> _GIVEN INFORMATION_
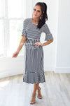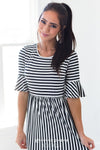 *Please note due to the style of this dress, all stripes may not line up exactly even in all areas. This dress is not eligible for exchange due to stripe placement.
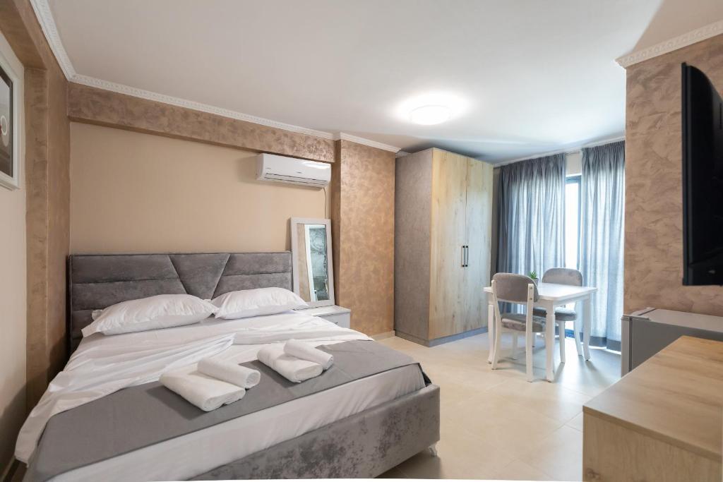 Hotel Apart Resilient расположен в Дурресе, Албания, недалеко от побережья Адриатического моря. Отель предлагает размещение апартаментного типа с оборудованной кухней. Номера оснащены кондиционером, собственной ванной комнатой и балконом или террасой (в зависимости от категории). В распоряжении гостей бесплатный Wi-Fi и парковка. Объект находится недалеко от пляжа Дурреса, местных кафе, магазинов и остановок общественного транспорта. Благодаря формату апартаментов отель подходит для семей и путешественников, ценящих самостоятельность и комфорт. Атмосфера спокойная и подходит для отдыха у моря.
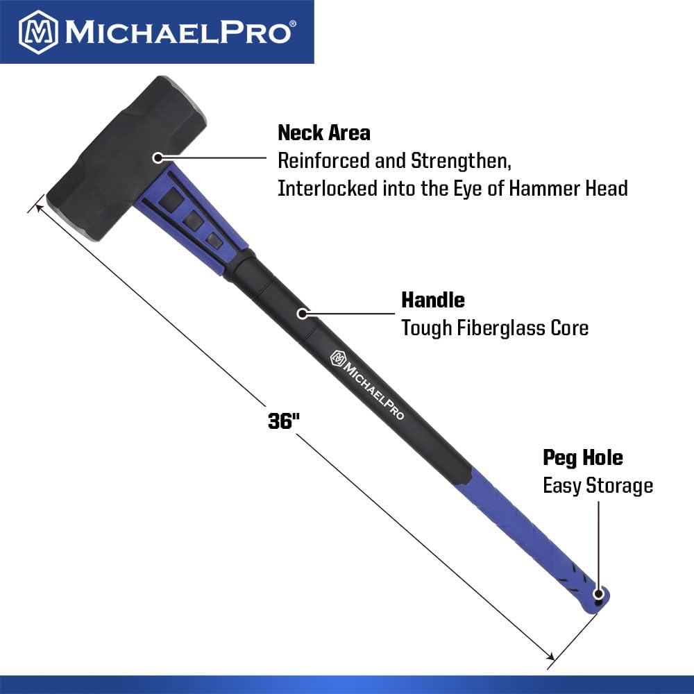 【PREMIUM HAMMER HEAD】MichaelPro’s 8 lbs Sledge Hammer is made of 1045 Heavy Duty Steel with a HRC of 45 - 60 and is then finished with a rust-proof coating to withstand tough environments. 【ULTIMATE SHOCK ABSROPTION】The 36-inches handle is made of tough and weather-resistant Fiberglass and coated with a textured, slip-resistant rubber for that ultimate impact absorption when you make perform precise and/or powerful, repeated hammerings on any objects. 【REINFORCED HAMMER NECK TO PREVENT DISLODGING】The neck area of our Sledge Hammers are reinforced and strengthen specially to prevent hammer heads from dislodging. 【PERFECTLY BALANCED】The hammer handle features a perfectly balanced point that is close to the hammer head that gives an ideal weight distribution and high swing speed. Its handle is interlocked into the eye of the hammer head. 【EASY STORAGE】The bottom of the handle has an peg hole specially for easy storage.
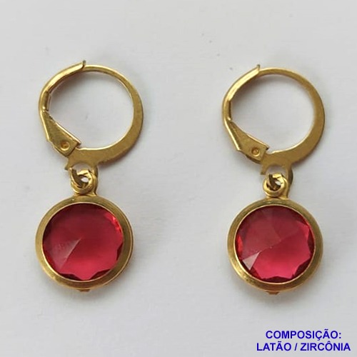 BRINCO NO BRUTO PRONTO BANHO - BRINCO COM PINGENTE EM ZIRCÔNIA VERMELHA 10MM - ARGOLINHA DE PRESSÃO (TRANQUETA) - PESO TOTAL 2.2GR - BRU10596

> _ACTION ITEM_
Extract the lines exactly, please: the first line of the listing, the line with "Hotel Apart Resilient", and every line between them, but no pictures.

> _WRITTEN ANSWER_
 *Please note due to the style of this dress, all stripes may not line up exactly even in all areas. This dress is not eligible for exchange due to stripe placement.
 Hotel Apart Resilient расположен в Дурресе, Албания, недалеко от побережья Адриатического моря. Отель предлагает размещение апартаментного типа с оборудованной кухней. Номера оснащены кондиционером, собственной ванной комнатой и балконом или террасой (в зависимости от категории). В распоряжении гостей бесплатный Wi-Fi и парковка. Объект находится недалеко от пляжа Дурреса, местных кафе, магазинов и остановок общественного транспорта. Благодаря формату апартаментов отель подходит для семей и путешественников, ценящих самостоятельность и комфорт. Атмосфера спокойная и подходит для отдыха у моря.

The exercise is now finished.